(Extracted material begins)

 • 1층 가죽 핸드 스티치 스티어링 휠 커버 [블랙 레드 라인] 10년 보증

(Extracted material ends)
(Extracted material begins)

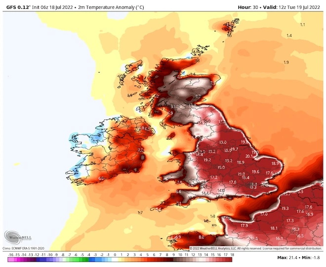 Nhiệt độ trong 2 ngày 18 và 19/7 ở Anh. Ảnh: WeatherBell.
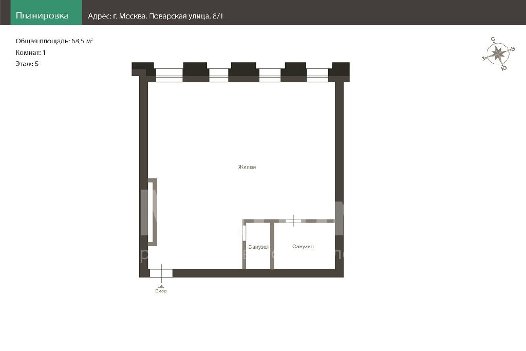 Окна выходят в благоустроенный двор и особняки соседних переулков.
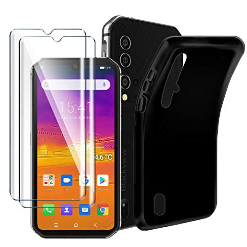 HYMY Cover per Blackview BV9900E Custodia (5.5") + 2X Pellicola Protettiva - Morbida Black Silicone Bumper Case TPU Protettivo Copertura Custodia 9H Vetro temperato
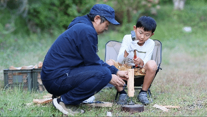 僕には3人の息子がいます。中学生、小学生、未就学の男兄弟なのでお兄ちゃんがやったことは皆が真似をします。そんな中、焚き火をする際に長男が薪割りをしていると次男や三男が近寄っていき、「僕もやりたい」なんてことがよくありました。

(Extracted material ends)

__Aim of the exercise__: Output exactly the lines above that lie between the line with "HYMY Cover per" and the line with "僕には3人の息子がいます。中", those two lines included, and no pictures.

__Output of the exercise__:
 HYMY Cover per Blackview BV9900E Custodia (5.5") + 2X Pellicola Protettiva - Morbida Black Silicone Bumper Case TPU Protettivo Copertura Custodia 9H Vetro temperato
 僕には3人の息子がいます。中学生、小学生、未就学の男兄弟なのでお兄ちゃんがやったことは皆が真似をします。そんな中、焚き火をする際に長男が薪割りをしていると次男や三男が近寄っていき、「僕もやりたい」なんてことがよくありました。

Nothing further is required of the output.